Exercise objective:
Each record below is to be retyped exactly, with its pictures omitted.

-=-=-

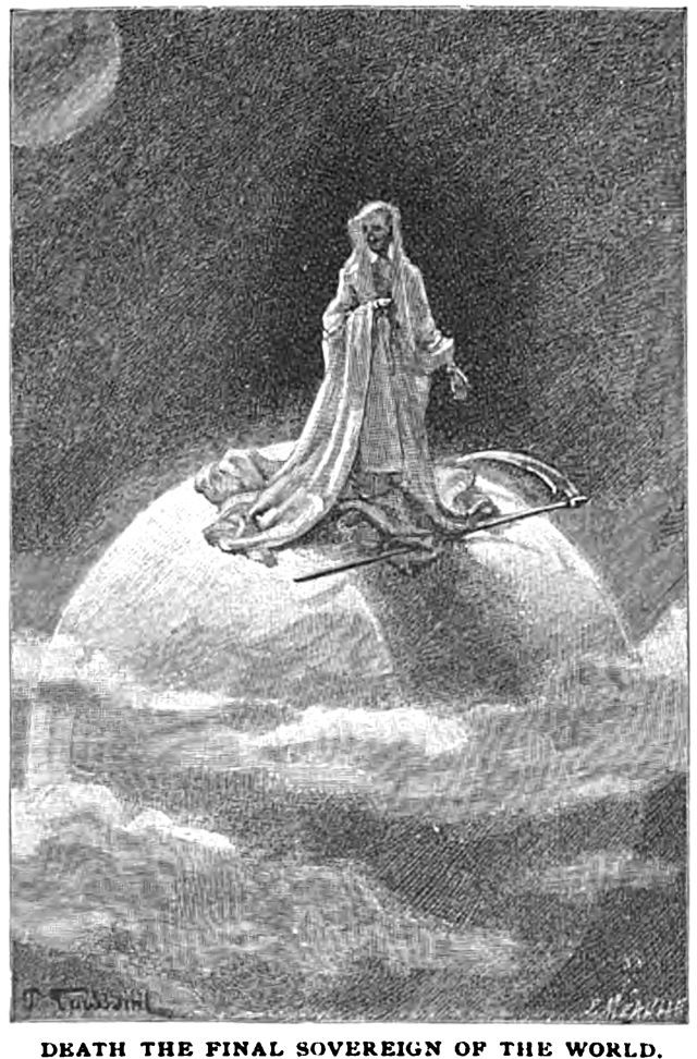 An illustration from an 1893 issue of Cosmopolitan magazine. The caption reads: "Death the final sovereign of the world."
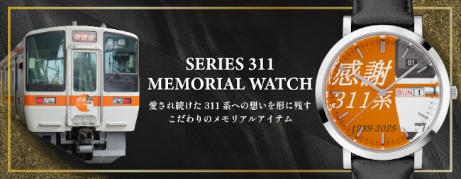 JR東海リテイリング・プラスは10月27日10時~11月26日11時の期間、6月に惜しまれつつ引退したJR東海の近郊型電車311系をイメージした「311系メモリアルウォッチ」の受注を、311本の数量限定でJR東海MARKET内で運営している公式オンラインショップ「PLUSTA ONLINE STORE」にて開始する。本体カラーはゴールド、シルバー、ピンクゴールド、ブラックの4色、ベルトのカラーはブラウン、ブラックの2色。価格は3万1100円で、支払いはクレジットカード決済のみとなる。
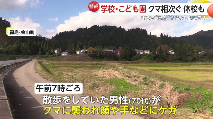 さらに、福島・金山町では、29日あさ7時頃に散歩をしていた70代の男性がクマに襲われ、顔や手などにケガをした。
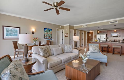 Konea 302 is one of the largest three-bedroom oceanfront suites available on the property, boasting unparalleled views of the blue Pacific Ocean, a massive wraparound lanai with a private Viking BBQ grill, and a spacious modern interior.
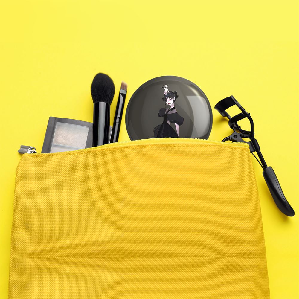 آینه های جیبی سریال ونزدی Wednesday خندالو دایره ای به قطر 7.5 سانتی متر می باشد که نه خیلی بزرگ و غیر قابل استفاده در کیف آرایشی ست و نه خیلی کوچک که تصویر خاصی در آن مشاهده نشود. سایزی استاندارد و کارآمد دارد و مناسب قرار گیری در کیف لوازم آرایش و کیف های کوچک دستی نیز هست.
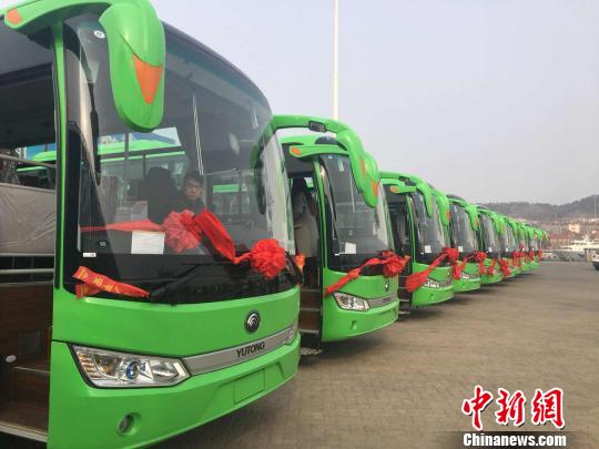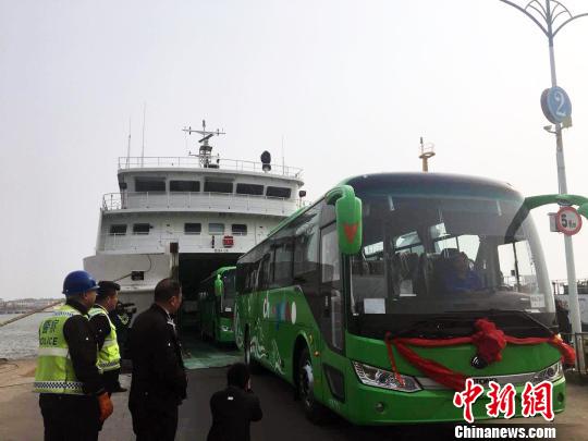30日,30輛新能源客車乘渡輪徐徐登島。隨著新能源車輛投入使用,原先島內(nèi)所有燃油公交車被全部淘汰,長(zhǎng)島公共交通綠色化達(dá)100%。
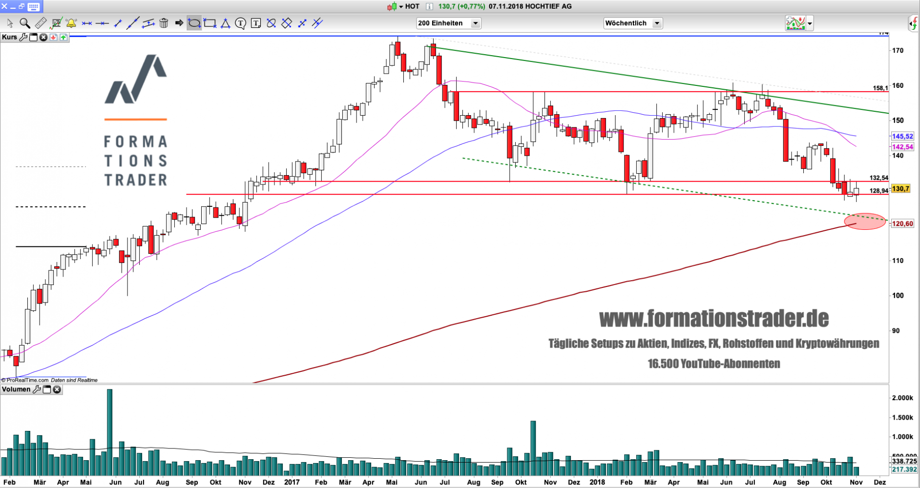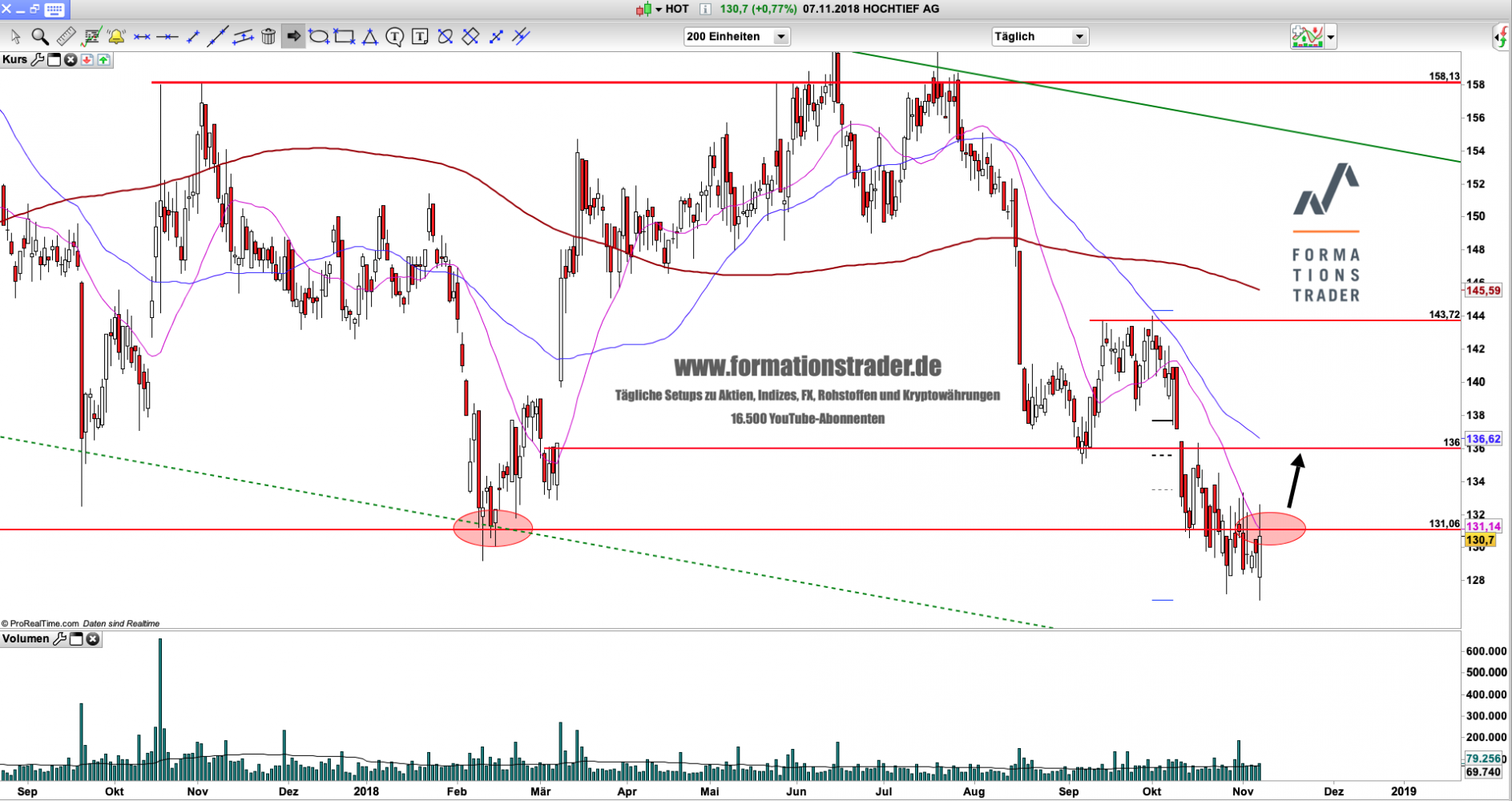 Der Kurs von Hochtief gewann im insgesamt sehr freundlichen Marktumfeld gestern nur 0,77%. Im Tageschart ist der Kampf der Bullen um die wichtige horizontale Begrenzung bei 131,06€ klar erkennbar. Diese Marke konnte zuletzt im Februar verteidigt werden und nun Ende Oktober gebrochen. Echte Dynamik konnten die Bären deshalb jedoch nicht entwickeln. Falls die Bullen den Kampf zeitnah verlieren sollten, richtet sich der Blick auf die nächste Unterstützung bei 125,20€. Dort verläuft das 50%-Retracement der vorangegangenen Aufwärtsbewegung im Wochenchart. Darunter befindet sich bei 120,60€ die 200-Wochenlinie. Falls es den Bullen jedoch gelingt, auch signifikant über der 20-Tagelinie bei 131,14€ zu schließen, ist das nächste Ziel der nächste horizontale Widerstand bei 136€.
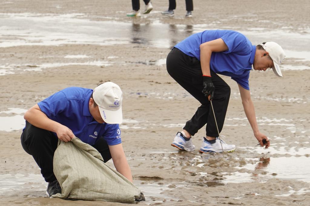 在“净滩捡跑”环节中,我校志愿者们纷纷行动起来,由近及远,全方位、地毯式地对海滩进行清洁。在这过程中,志愿者们三两成组,在沐浴海风,享受海岸的美丽的同时,化身为海洋的清洁使者,横扫海滩的废弃物,为守护海岸线尽自己的一份职责。
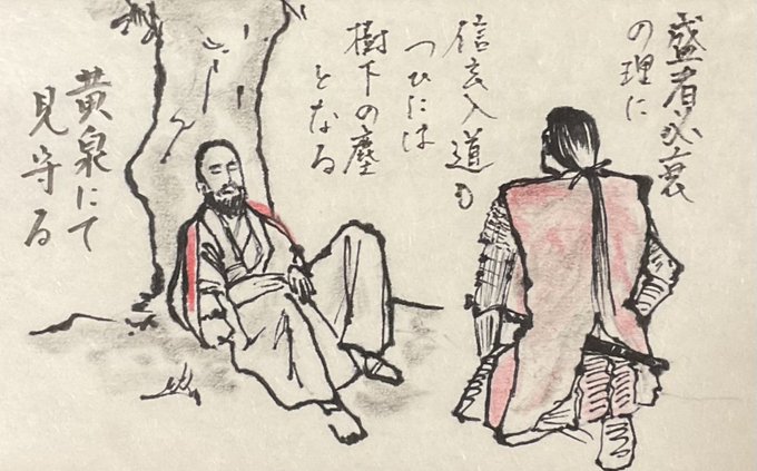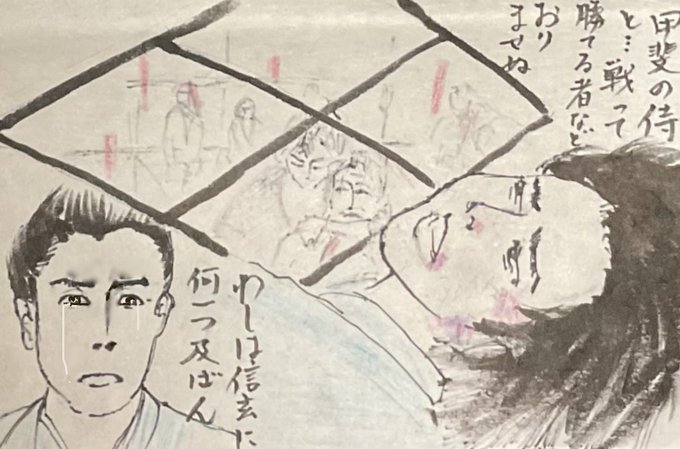 進軍の途上で斃る信玄公。 遺言なれど喪を秘すは難しく、訃報は素早く各地に飛ぶ。 #どうする家康 #どうする絵 樹下の髑髏が写りましたが、信玄公は諏訪湖に沈められたとの言い伝えを今作では採らず、敢えて、死を隠すための非情なご遺骸打ち捨て描写でございましたか。 刀一振りを黄泉路の供に。
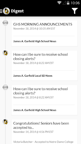 Je to všechno, co byste mohli chtít vědět o Jag Schools v jednom snadno použitelném, mobilním umístění! Vlastní okresní aplikace James A Garfield místní školní čtvrti z Blackboard dává rodičům a studentům jednorázové místo pro přístup ke všem důležitým informacím o okresech a školách kdykoli během dne nebo noci.Nyní mají rodiče a členové komunity centrální rozbočovač se všemi nástroji, které potřebují k tomu, aby zůstali v kontaktu s nejnovějšími zprávami a upozorněními včetně:
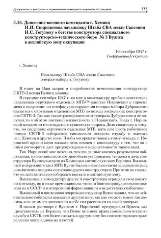 Донесение военного коменданта г. Хемниц И.И. Спиридонова начальнику Штаба СВА земли Саксония И.С. Гогунову о бегстве конструктора специального конструкторско-технического бюро № 3 Вуянса в английскую зону оккупации. 16 октября 1947 г.
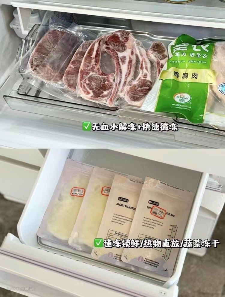 特有的肉食星级料理舱,有快速微冻和原味解冻模式,最大限度保持肉类鲜度,解冻后的牛排口感依旧鲜嫩多汁,不会干柴难吃。还有三种速冻锁鲜模式可选,而且支持热物直放,夏天想立刻喝上刚出锅的绿豆汤,就可以很快品尝到;在家也可以自制果蔬冻干,干净又健康。
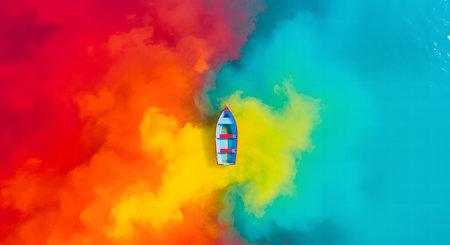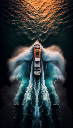 A boat moves gracefully over the water, leaving vibrant trails under a stunning sunset sky.
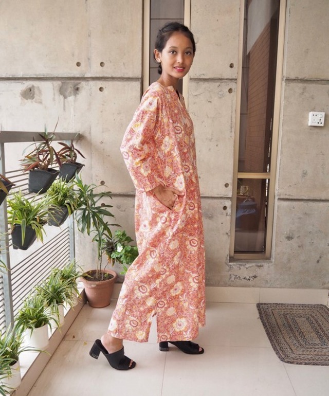 インドのハンドブロックプリントを使ったワンピースです。 ワンピースとしても、羽織としてもどちらにもご使用いただけます。冬の間は中にタートルネックを入れて、夏はタンクトップの上にさらりと羽織っていただける商品です。 ★素材について 綿100% インドの草木染ハンドブロックプリントコットンを使用しています。 とても薄い生地ですので、羽織としてご利用になれるのがおすすめです。 ★サイズ フリーサイズ 着丈 120cm 袖丈 52cm (1-2cm±することがございます。) 二の腕袖幅43cm(一周り) 手首袖幅10cm(ゴムを伸ばさず1周り) ★Jonnoについて Jonnoの商品は全てバングラデシュの自社スタジオでお作りしています。(布をカッティングマスターが裁断する以外は全て一人の担当者が全工程を責任持って担当しています。)現在は9名のスタッフが日々Jonnoの商品を丁寧に日々縫製しています。 ★備考 ・全て検品を行っておりますが、縫製が若干あまかったり商品のサイズ・大きさなどが多少前後する場合がございます。ご購入の際はご了承の上、お買い求めお願い致します。 ・実際の色味よりスクリーン環境により異なって見えることがございます。 ・ご注文後のイメージ違い・サイズ違い等の商品交換・返品はお受けできませんので予めご了承くださいませ。 <820066000>
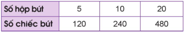 a) Nêu nhận xét về quan hệ phụ thuộc giữa số chiếc bút và số hộp bút.
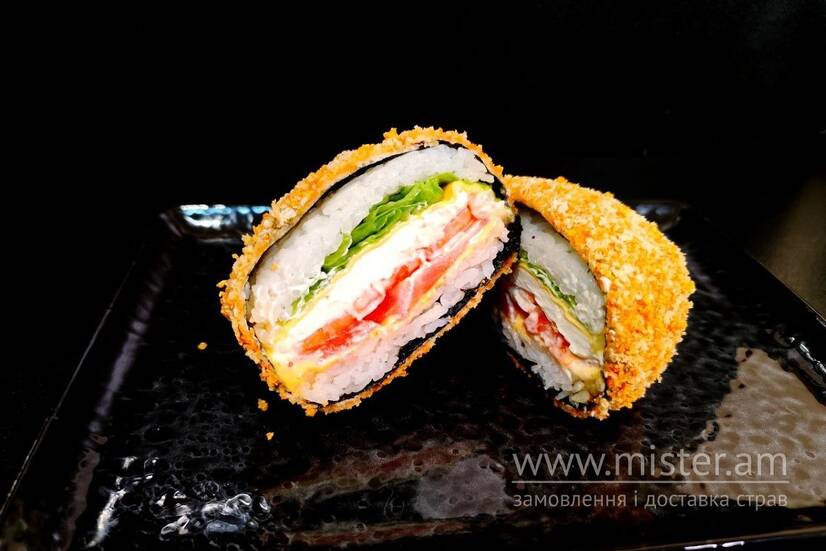 Крем-сир, креветки, салат, помідор, сир чеддер.
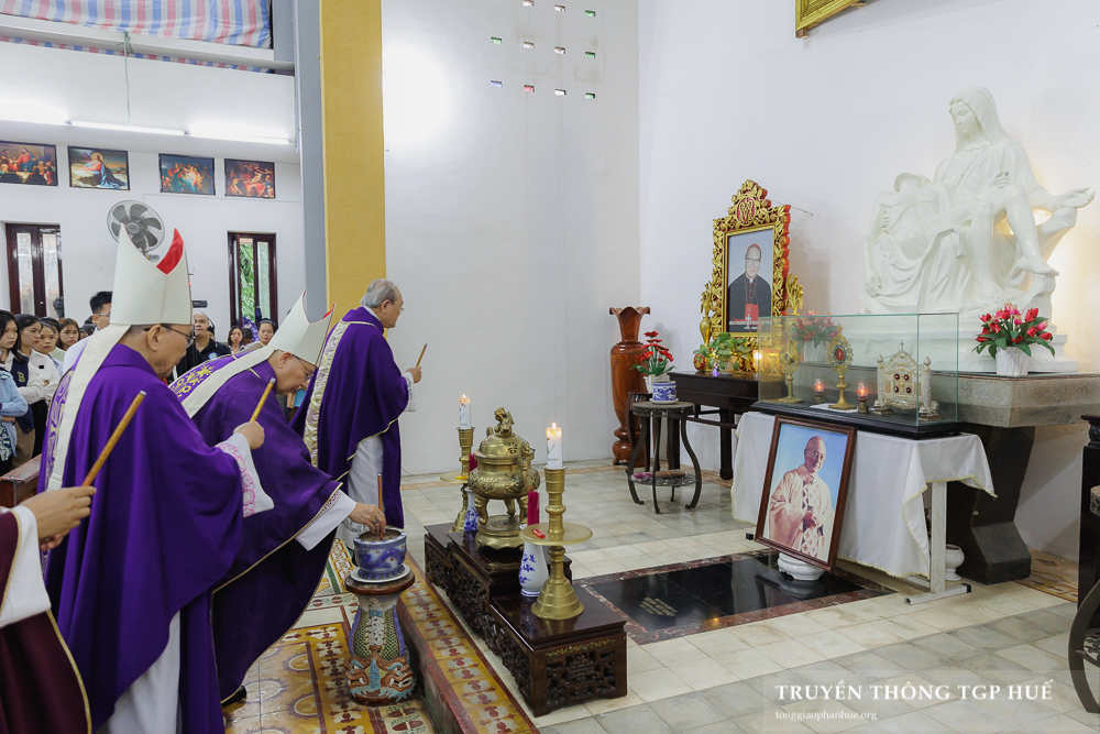Sau khi ban phép lành cuối lễ, quý Đức TGM, Cha Tổng Đại diện, Cha Đại diện Giám mục đến dâng hương cầu nguyện tại bàn thờ phụ cánh phải Nhà thờ, nơi đây đặt tượng Thánh Tử đạo Phaolô Tống Viết Bường, di ảnh Đấng Đáng kính Đức cố Hồng y Phanxicô Xaviê Nguyễn Văn Thuận và phần mộ Đức cố TGM Philipphê Nguyễn Kim Điền.

-=-=-

Reply:
 An illustration from an 1893 issue of Cosmopolitan magazine. The caption reads: "Death the final sovereign of the world."
 JR東海リテイリング・プラスは10月27日10時~11月26日11時の期間、6月に惜しまれつつ引退したJR東海の近郊型電車311系をイメージした「311系メモリアルウォッチ」の受注を、311本の数量限定でJR東海MARKET内で運営している公式オンラインショップ「PLUSTA ONLINE STORE」にて開始する。本体カラーはゴールド、シルバー、ピンクゴールド、ブラックの4色、ベルトのカラーはブラウン、ブラックの2色。価格は3万1100円で、支払いはクレジットカード決済のみとなる。
 さらに、福島・金山町では、29日あさ7時頃に散歩をしていた70代の男性がクマに襲われ、顔や手などにケガをした。
 Konea 302 is one of the largest three-bedroom oceanfront suites available on the property, boasting unparalleled views of the blue Pacific Ocean, a massive wraparound lanai with a private Viking BBQ grill, and a spacious modern interior.
 آینه های جیبی سریال ونزدی Wednesday خندالو دایره ای به قطر 7.5 سانتی متر می باشد که نه خیلی بزرگ و غیر قابل استفاده در کیف آرایشی ست و نه خیلی کوچک که تصویر خاصی در آن مشاهده نشود. سایزی استاندارد و کارآمد دارد و مناسب قرار گیری در کیف لوازم آرایش و کیف های کوچک دستی نیز هست.
30日,30輛新能源客車乘渡輪徐徐登島。隨著新能源車輛投入使用,原先島內(nèi)所有燃油公交車被全部淘汰,長(zhǎng)島公共交通綠色化達(dá)100%。
 Der Kurs von Hochtief gewann im insgesamt sehr freundlichen Marktumfeld gestern nur 0,77%. Im Tageschart ist der Kampf der Bullen um die wichtige horizontale Begrenzung bei 131,06€ klar erkennbar. Diese Marke konnte zuletzt im Februar verteidigt werden und nun Ende Oktober gebrochen. Echte Dynamik konnten die Bären deshalb jedoch nicht entwickeln. Falls die Bullen den Kampf zeitnah verlieren sollten, richtet sich der Blick auf die nächste Unterstützung bei 125,20€. Dort verläuft das 50%-Retracement der vorangegangenen Aufwärtsbewegung im Wochenchart. Darunter befindet sich bei 120,60€ die 200-Wochenlinie. Falls es den Bullen jedoch gelingt, auch signifikant über der 20-Tagelinie bei 131,14€ zu schließen, ist das nächste Ziel der nächste horizontale Widerstand bei 136€.
 在“净滩捡跑”环节中,我校志愿者们纷纷行动起来,由近及远,全方位、地毯式地对海滩进行清洁。在这过程中,志愿者们三两成组,在沐浴海风,享受海岸的美丽的同时,化身为海洋的清洁使者,横扫海滩的废弃物,为守护海岸线尽自己的一份职责。
 進軍の途上で斃る信玄公。 遺言なれど喪を秘すは難しく、訃報は素早く各地に飛ぶ。 #どうする家康 #どうする絵 樹下の髑髏が写りましたが、信玄公は諏訪湖に沈められたとの言い伝えを今作では採らず、敢えて、死を隠すための非情なご遺骸打ち捨て描写でございましたか。 刀一振りを黄泉路の供に。
 Je to všechno, co byste mohli chtít vědět o Jag Schools v jednom snadno použitelném, mobilním umístění! Vlastní okresní aplikace James A Garfield místní školní čtvrti z Blackboard dává rodičům a studentům jednorázové místo pro přístup ke všem důležitým informacím o okresech a školách kdykoli během dne nebo noci.Nyní mají rodiče a členové komunity centrální rozbočovač se všemi nástroji, které potřebují k tomu, aby zůstali v kontaktu s nejnovějšími zprávami a upozorněními včetně:
 Донесение военного коменданта г. Хемниц И.И. Спиридонова начальнику Штаба СВА земли Саксония И.С. Гогунову о бегстве конструктора специального конструкторско-технического бюро № 3 Вуянса в английскую зону оккупации. 16 октября 1947 г.
 特有的肉食星级料理舱,有快速微冻和原味解冻模式,最大限度保持肉类鲜度,解冻后的牛排口感依旧鲜嫩多汁,不会干柴难吃。还有三种速冻锁鲜模式可选,而且支持热物直放,夏天想立刻喝上刚出锅的绿豆汤,就可以很快品尝到;在家也可以自制果蔬冻干,干净又健康。
 A boat moves gracefully over the water, leaving vibrant trails under a stunning sunset sky.
 インドのハンドブロックプリントを使ったワンピースです。 ワンピースとしても、羽織としてもどちらにもご使用いただけます。冬の間は中にタートルネックを入れて、夏はタンクトップの上にさらりと羽織っていただける商品です。 ★素材について 綿100% インドの草木染ハンドブロックプリントコットンを使用しています。 とても薄い生地ですので、羽織としてご利用になれるのがおすすめです。 ★サイズ フリーサイズ 着丈 120cm 袖丈 52cm (1-2cm±することがございます。) 二の腕袖幅43cm(一周り) 手首袖幅10cm(ゴムを伸ばさず1周り) ★Jonnoについて Jonnoの商品は全てバングラデシュの自社スタジオでお作りしています。(布をカッティングマスターが裁断する以外は全て一人の担当者が全工程を責任持って担当しています。)現在は9名のスタッフが日々Jonnoの商品を丁寧に日々縫製しています。 ★備考 ・全て検品を行っておりますが、縫製が若干あまかったり商品のサイズ・大きさなどが多少前後する場合がございます。ご購入の際はご了承の上、お買い求めお願い致します。 ・実際の色味よりスクリーン環境により異なって見えることがございます。 ・ご注文後のイメージ違い・サイズ違い等の商品交換・返品はお受けできませんので予めご了承くださいませ。 <820066000>
 a) Nêu nhận xét về quan hệ phụ thuộc giữa số chiếc bút và số hộp bút.
 Крем-сир, креветки, салат, помідор, сир чеддер.
Sau khi ban phép lành cuối lễ, quý Đức TGM, Cha Tổng Đại diện, Cha Đại diện Giám mục đến dâng hương cầu nguyện tại bàn thờ phụ cánh phải Nhà thờ, nơi đây đặt tượng Thánh Tử đạo Phaolô Tống Viết Bường, di ảnh Đấng Đáng kính Đức cố Hồng y Phanxicô Xaviê Nguyễn Văn Thuận và phần mộ Đức cố TGM Philipphê Nguyễn Kim Điền.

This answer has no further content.